Robot ‘chef’ can recreate recipes from watching food videos

Grzegorz and researchers from the Engineering Department programmed their robotic chef with a ‘cookbook’ of eight simple salad recipes. After watching a video of a human demonstrating one of the recipes, the robot was able to identify which recipe was being prepared and make it.

In addition, the videos helped the robot incrementally add to its cookbook. At the end of the experiment, the robot came up with a ninth recipe on its own. Their results, reported in the journal IEEE Access, demonstrate how video content can be a valuable and rich source of data for automated food production, and could enable easier and cheaper deployment of robot chefs.

“We wanted to see whether we could train a robot chef to learn in the same incremental way that humans can – by identifying the ingredients and how they go together in the dish,” says Grzegorz, the paper’s first author.

“It’s amazing how much nuance the robot was able to detect,” he says “These recipes aren’t complex – they’re essentially chopped fruits and vegetables, but it was really effective at recognising, for example, that two chopped apples and two chopped carrots is the same recipe as three chopped apples and three chopped carrots.

“Our robot isn’t interested in the sorts of food videos that go viral on social media – they’re simply too hard to follow. But as these robot chefs get better and faster at identifying ingredients in food videos, they might be able to use sites like YouTube to learn a whole range of recipes.”
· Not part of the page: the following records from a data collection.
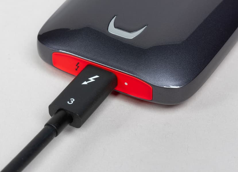 Напомним, что Thunderbolt 3 (в отличие от предыдущих версий стандарта) использует разъем Type-C — впервые появившийся в спецификациях USB 3.1. Подобная «универсальность» позволяет некоторым пользователям пытаться подключить Thunderbolt-устройство к USB-порту, а потом удивляться, что ничего не работает. И не должно! Более того (плохая новость), кабели легко перепутать, хотя это справедливо только для взгляда со стороны, но не в работе: если воспользоваться именно USB-кабелем, то Х5 в системе будет виден как абстрактное USB-устройство, но работать не будет. С другой стороны (а вот это хорошая новость), Thunderbolt-кабель является универсальным, его можно использовать и для подключения USB-устройств (причем к обычным USB-портам Type-C тоже).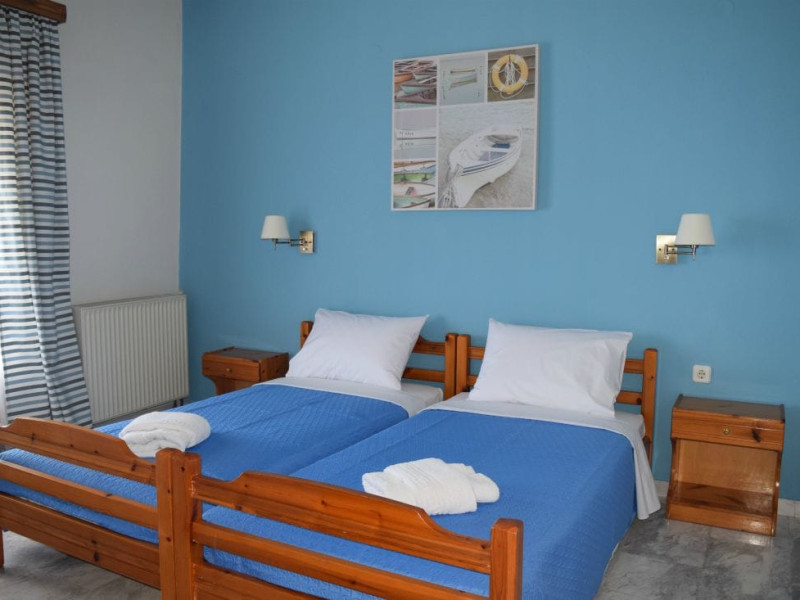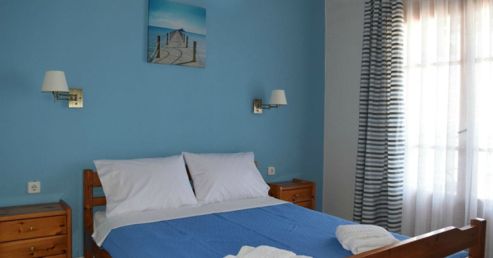 Kyani Akti Apartments is a small family business located right in front of the beach at the east coast of Nea Skioni Halkidiki. There are 5 upper floor apartments overlooking the sea and 4 ground floor apartments with sea view and direct access to the beach. All of them have one bedroom, a separate kitchen with cooking facilities and a bathroom. Our double apartments can host 2 persons each and an extra person in a sofa bed or guest bed. Our triple apartments can host 3 persons each and an extra person in a sofa bed or guest bed.You can find a free public parking area right outside of the house and the distance from market and restaurants is about 5 minutes away.Kyani Akti apartments was established in 1976 and ever since we keep developing our business according to our guests needs. We are always there to assist you and offer you carefree holidays and unforgettable memories.Welcome to Kyani Akti family!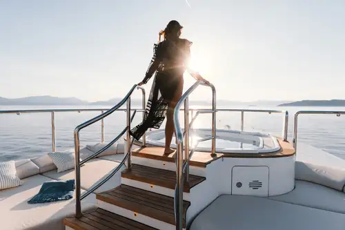 The perfect way to start a day on board O’MATHILDE is with a reviving workout in her fully equipped outdoor gym with spectacular sea views. Make your way to breakfast on the upper deck aft, where everyone is already busy planning their day’s activities and adventures while enjoying the delicacies freshly prepared by the chef.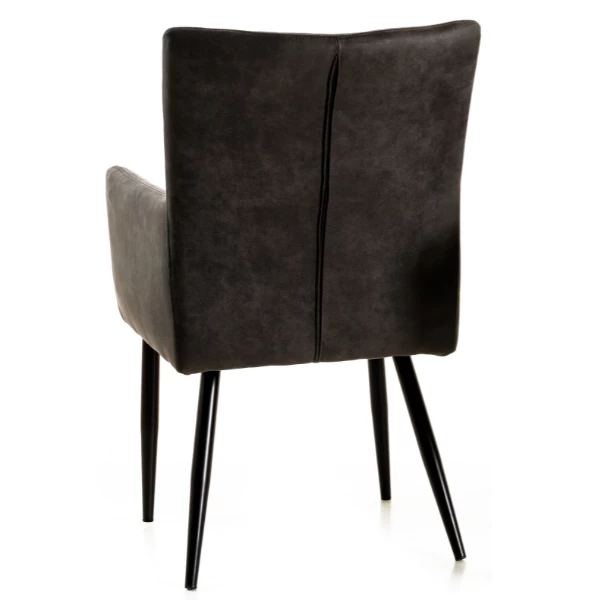 Stoel Carzo met zwarte metalen poten en bekleding in grijze stof. Met armleuning.

Sochacki, a PhD candidate in Professor Fumiya Iida’s Bio-Inspired Robotics Laboratory, and his colleagues devised eight simple salad recipes and filmed themselves making them. They then used a publicly available neural network to train their robot chef. The neural network had already been programmed to identify a range of different objects, including the fruits and vegetables used in the eight salad recipes (broccoli, carrot, apple, banana and orange).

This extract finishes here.